Это можно сделать, присвоив каждой строке уникальный идентификатор, а затем включив каждую единицу в группу, указанную следующим нулевым уникальным идентификатором:
val df = Seq(
(1, 10, 0),
(1, 11, 1),
(1, 13, 1),
(1, 16, 1),
(1, 20, 0),
(1, 21, 0),
(1, 22, 1),
(1, 25, 1),
(1, 27, 1),
(1, 29, 1),
(1, 30, 0),
(1, 32, 1),
(1, 34, 1),
(1, 35, 1),
(1, 38, 0)
).toDF("Category", "Value", "Sequences")
// assign each row unique id
val zipped = df.withColumn("zip", monotonically_increasing_id())
// Make range from zero to next zero
val categoryWindow = Window.partitionBy("Category").orderBy($"zip")
val groups = zipped
.filter($"Sequences" === 0)
.withColumn("rangeEnd", lead($"zip", 1).over(categoryWindow))
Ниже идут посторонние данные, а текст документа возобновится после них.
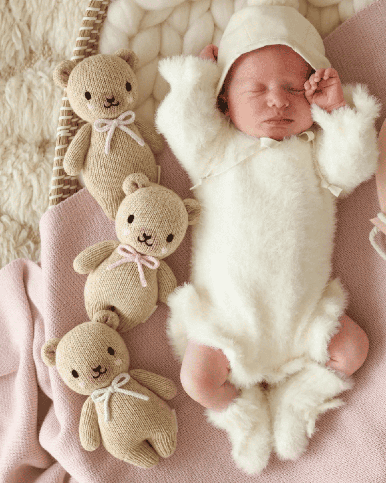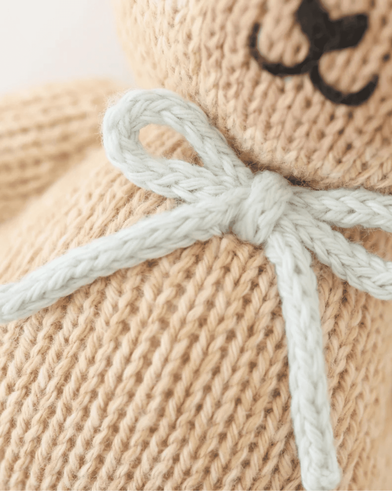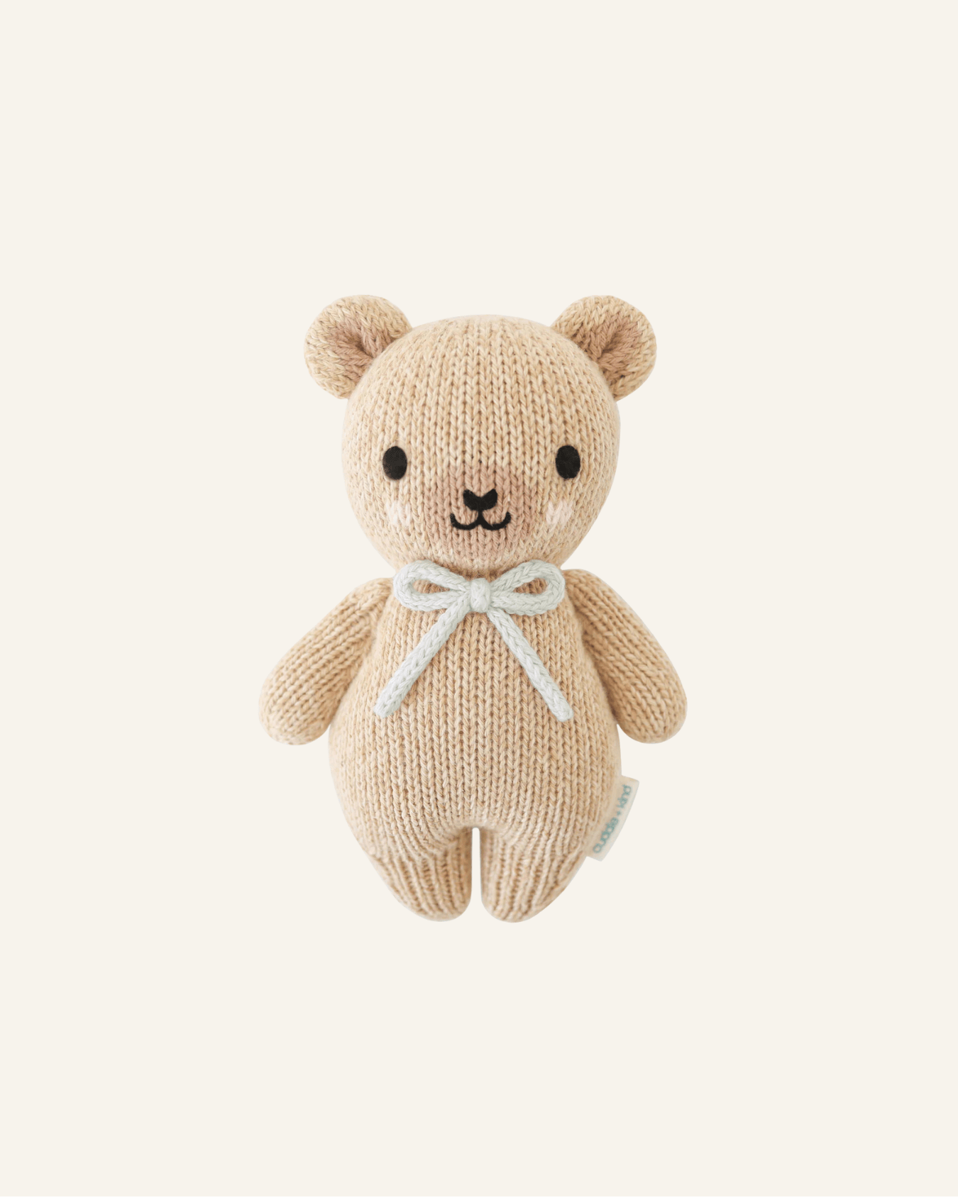 this sweet hand-knit baby honey bear by cuddle + kind is an heirloom-quality baby animal, lovingly handcrafted from natural peruvian cotton yarn.  this baby knit bear is just a little bigger than your hand + makes the softest, most lovable stuffed animal for little ones. every baby animal is handmade and will vary slightly, making it truly one-of-a-kind.
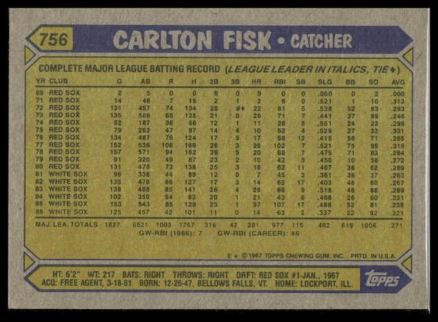 You are purchasing a 1987 Topps Carlton Fisk #756. You will receive the exact item in the photographs. Thank you for looking.

.withColumnRenamed("zip", "rangeStart")
println("Groups:")
groups.show(false)
// Assign range for each unit
val joinCondition = ($"units.zip" > $"groups.rangeStart").and($"units.zip" < $"groups.rangeEnd")
val unitsByRange = zipped
.filter($"Sequences" === 1).alias("units")
.join(groups.alias("groups"), joinCondition, "left")
.select("units.Category", "units.Value", "groups.rangeStart")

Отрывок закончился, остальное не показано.